Больной покорно опустил глаза.
Он стоял перед Турбиным обнаженным и подчинялся осмотру.
– Кокаин вы не нюхали?
– В числе мерзостей и пороков, которым я предавался, был и этот. Теперь нет.
«Черт его знает… а вдруг жулик… притворяется; надо будет посмотреть, чтобы в передней шубы не пропали».
Турбин нарисовал ручкой молотка на груди у больного большой знак вопроса. Белый знак превратился в красный.
– Вот видите, дермографизм у вас есть. Вы перестаньте увлекаться религиозными вопросами. Вообще поменьше предавайтесь всяким тягостным размышлениям. Одевайтесь. С завтрашнего дня начну вам впрыскивать ртуть, а через неделю первое вливание.
– Хорошо, доктор.
– Кокаин нельзя. Пить нельзя. Женщины тоже…

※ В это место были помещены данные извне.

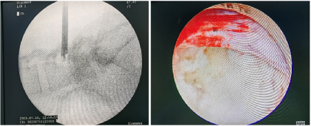 Alat teropong tulang belakang dihubungkan melalui kabel optik ke sumber cahaya dan pengolah data, kemudian ditampilkan ke layar monitor sehingga didapatkan gambar struktur dalam tulang belakang, yang diperbesar dan jelas. Prosedur dipandu dengan alat ronsen (fluoroscopy) sehingga prosedur dapat dilakukan lebih akurat dan tepat.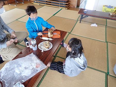 竹をまわしてバームクーヘンを作ったよ!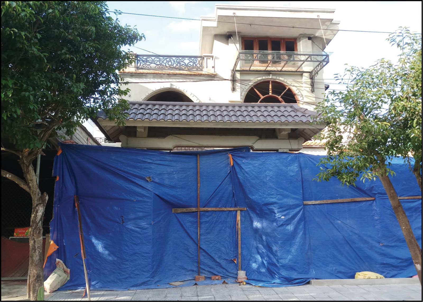 Ngôi nhà xây dựng tại 27B Trần Văn Kỷ đã gần hoàn thiện và lấn chiếm phần không gian hệ thống thoát nước phía sau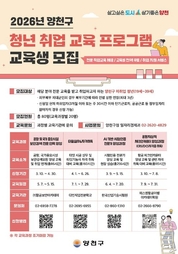 양천구가 지역 청년들의 구직 경쟁력을 강화하고 실질적인 취업 성공을 지원하기 위해 ‘2026년 청년 취업 교육 프로그램’을 본격적으로 운영하고, 교육생 80명을 모집한다고 밝혔다. ‘청년 취업 교육 프로그램’은 전문 교육기관과 연계해 직무 교육부터 자기소개서 첨삭, 면접 코칭, 취업 연계까지 원스톱으로 지원하는 양천구 대표 청년 일자리 사업이다. 2017년부터 프로그램 운영을 통해 현재까지 수료생 240명 중 149명이 취업에 성공했으며, 지난해에는 실무 중심 교육 과정 운영으로 취업률 55%를 기록했다. 올해는 취업 성공률을 더욱 높이기 위해 최근 고용시장 트렌드와 구인 수요를 반영해 ▲공항 및 국가 중요시설 보안검색 전문인력 양성 ▲타일 실무 및 자격취득 ▲AI 기반 시험인증 전문가 양성 ▲공항지상직 체크인카운터 양성 등 4개 과정을 운영한다. ‘보안검색 전문인력 양성과정’은 ㈜항공보안아카데미에서 진행되며, 항공경비 및 보안검색 초기교육 등 총 86시간의 집중 커리큘럼을 통해 공항 및 국가 중요시설 보안 요원을 양성한다. ‘타일 실무 및 자격취득 과정’은 최근 수요가 급증한 인테리어 시공 분야의 취업과 창업을 지원한다. 교육기관은 다인직업전문학교로, 실무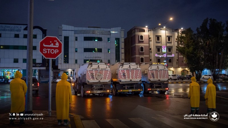 تواصل فرق أمانة منطقة الرياض أعمالها الميدانية للتعامل مع الحالة المطرية التي تشهدها العاصمة لضمان سرعة الاستجابة للحالات الطارئة.

– Я удалился от женщин и ядов. Удалился и от злых людей, – говорил больной, застегивая рубашку, – злой гений моей жизни, предтеча антихриста, уехал в город дьявола.

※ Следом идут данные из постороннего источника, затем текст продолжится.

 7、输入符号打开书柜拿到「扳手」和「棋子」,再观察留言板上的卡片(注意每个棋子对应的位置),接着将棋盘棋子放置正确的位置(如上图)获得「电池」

– Батюшка, нельзя так, – застонал Турбин, – ведь вы же в психиатрическую лечебницу попадете. Про какого антихриста вы говорите?
– Я говорю про его предтечу Михаила Семеновича Шполянского, человека с глазами змеи и с черными баками.
– Как вы говорите? С черными баками? А скажите, пожалуйста, где он живет?
– Он уехал в царство антихриста, чтобы подать сигнал и полчища аггелов вести на этот Город в наказание за грехи его обитателей. Как некогда Содом и Гоморра…
– Это вы большевиков аггелами? Согласен. Но все-таки так нельзя… – «Баки…» – Вот что…
Ammon. bromat.
Kal. bromat.
Natr. bromat.
Вы бром будете пить. По столовой ложке три раза в день… Какой он из себя… этот ваш предтеча?
– Он черный…
– Молодой?
– Да, он молодой. Но мерзости в нем как в тысячелетнем диаволе. Жен он склоняет на разврат, юношей на порок, и трубят уже, трубят боевые трубы грешных полчищ, и виден над полями лик сатаны…
– Троцкого?!
– Да, это имя его, которое он принял. А настоящее его имя по-еврейски Аваддон, а по-гречески Аполлион, что значит – губитель.
– Ну, батюшка, серьезно вам говорю: если вы не прекратите это, вы смотрите… у вас мания развивается…
– Нет, доктор, я нормален. Вы не думайте. Сколько, доктор, вы берете за ваш святой труд?
– Помилуйте, что у вас на каждом шагу слово «святой»? Ничего особенно святого я в своем труде не вижу. Беру я 400 за первый курс, который продолжается около полутора месяцев. Если будете лечиться у меня, оставьте часть в задаток.
– Очень хорошо.
Френч расстегнулся.
– У вас, может быть, денег мало, – пробурчал Турбин, глядя на потертые колени, – «Нет, он не жулик… нет… но свихнется». – Тогда можете меньше оставить.